Do you plan to support other APIs? I mean, Podman kube play supports Pod, Deployment, PersistentVolumeClaim, ConfigMap, Secret and DaemonSet. Which ones would you add to bootc?

Also, the Kubernetes doc says that ConfigMap are limited to 1MiB:

A ConfigMap is not designed to hold large chunks of data. The data stored in a ConfigMap cannot exceed 1 MiB. If you need to store settings that are larger than this limit, you may want to consider mounting a volume or use a separate database or file service.

cgwalters commented 7 months ago

Podman kube play supports Pod, Deployment, PersistentVolumeClaim, ConfigMap, Secret and DaemonSet. Which ones would you add to bootc?

I think bootc's role is just scoped to host management, so Pod/Deployment/DaemonSet are clearly out of scope, right? Those things should be handled by podman. Whether we do mapping around PersistentVolume for the host seems more open, but my instincts say that's just confusing and we should point administrators to systemd .mount units. ConfigMap and Secret to me are the most obvious things to support.

cheesesashimi commented 6 months ago

Files have a lot of metadata such as file mode, paths, owners, etc. Rather than encode all of this into an arbitrary JSON blob and stuff it inside a ConfigMap, why not use the metadata part of the ConfigMap to store these values as annotations?

Here's a rough idea of some annotations that could be used for this purpose:

Annotation Name: Description:
bootc.coreos.io/baseDir The base directory where each file in the ConfigMap will be created, e.g. /etc. This is required because the ConfigMap spec does not allow slashes in the name portion of the files it creates.
bootc.coreos.io/baseDirMode The octal file mode (0755, 0644, etc.) that the deepest directory in the path should have. Given /etc/a/deeply/nested/base, this would affect the ./base portion of the directory mode.
bootc.coreos.io/fileMode The octal file mode that each file in the ConfigMap should be created with (e.g., 0755, 0644, etc.). Additional file modes such as sticky bit, executable, et. al. should be supported. If multiple files within the same directory need to have different modes, more than one ConfigMap will be needed.
bootc.coreos.io/userOwner The username or UID of the file's owner.
bootc.coreos.io/groupOwner The group name or GID of the file's owner.
cgwalters commented 6 months ago

(From an organizational perspective note bootc is part of the containers/ GH org, not coreos/)

bootc.coreos.io/baseDir

Right, this one already exists in the WIP code...I think maybe what we should do is make a shared hackmd doc and refine it into a spec, then update the first comment here or so?

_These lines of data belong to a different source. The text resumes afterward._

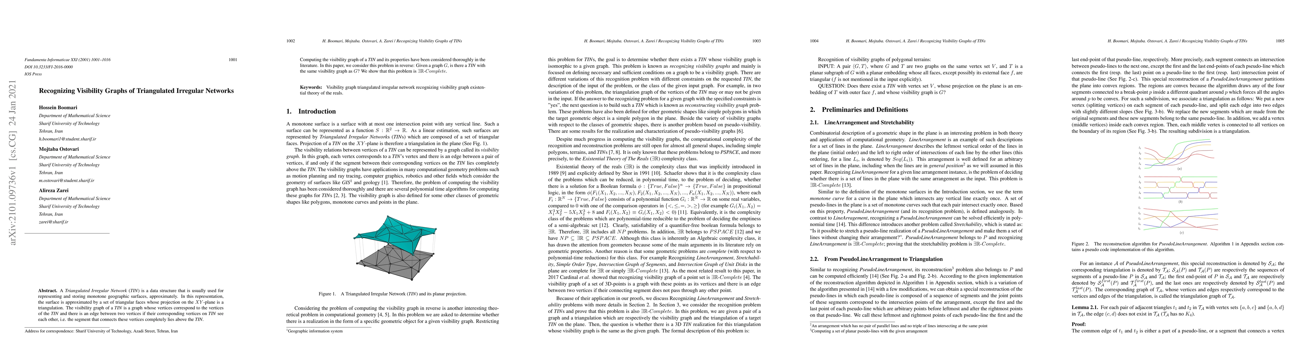 A Triangulated Irregular Network (TIN) is a data structure that is usually used for representing and storing monotone geographic surfaces, approximately. In this representation, the surface is approximated by a set of triangular faces whose projection on the XY-plane is a triangulation. The visibility graph of a TIN is a graph whose vertices correspond to the vertices of the TIN and there is an edge between two vertices if their corresponding vertices on TIN see each other, i.e. the segment that connects these vertices completely lies above the TIN. Computing the visibility graph of a TIN and its properties have been considered thoroughly in the literature. In this paper, we consider this problem in reverse: Given a graph G, is there a TIN with the same visibility graph as G? We show that this problem is Complete for Existential Theory of The Reals.
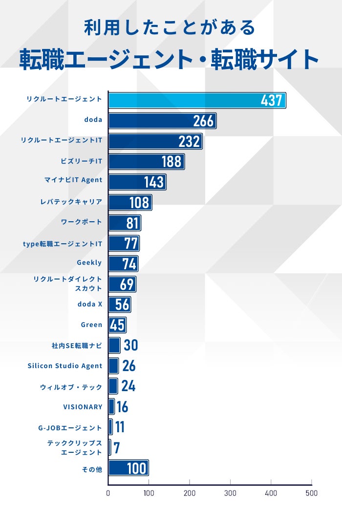 最も利用者が多かったのは「リクルートエージェント(45.3%)」でした。続いて「doda(27.6%)」「リクルートエージェントIT(24.1%)」「ビズリーチIT(19.5%)」が上位に入り、大手転職エージェントやスカウト型転職サービスが上位を占めていました。
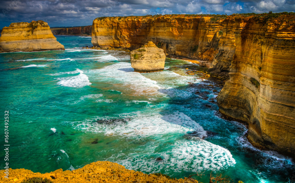 Turquoise oceans waves lapping at the cliffs, Victoria, Australia, Great Ocean Road

As far as the other metadata...maybe. So far, there hasn't been a use case for it in Kubernetes, right? I think specifically having executables in configmaps is probably something we should think of as an anti-pattern - we have container images for that. This reduces the need significantly for fileMode. The use cases for user/group owners also seem like they need very specific motivation.

arewm commented 3 weeks ago

To flesh this out a bit more, bootc upgrade would check for updates to these things too.

Would it make sense to enable only the configmap to be updated without updating the bootc image as well or would these actions/lifecycles be bound together somehow?

Would you be able to use an image manifest to store the config maps with the config descriptor could be used to describe how all of the layers should be applied to the file system?

These could then be customized per-architecture and distributed as an image index so a configuration file could be applied to the bootc installations regardless of the architecture.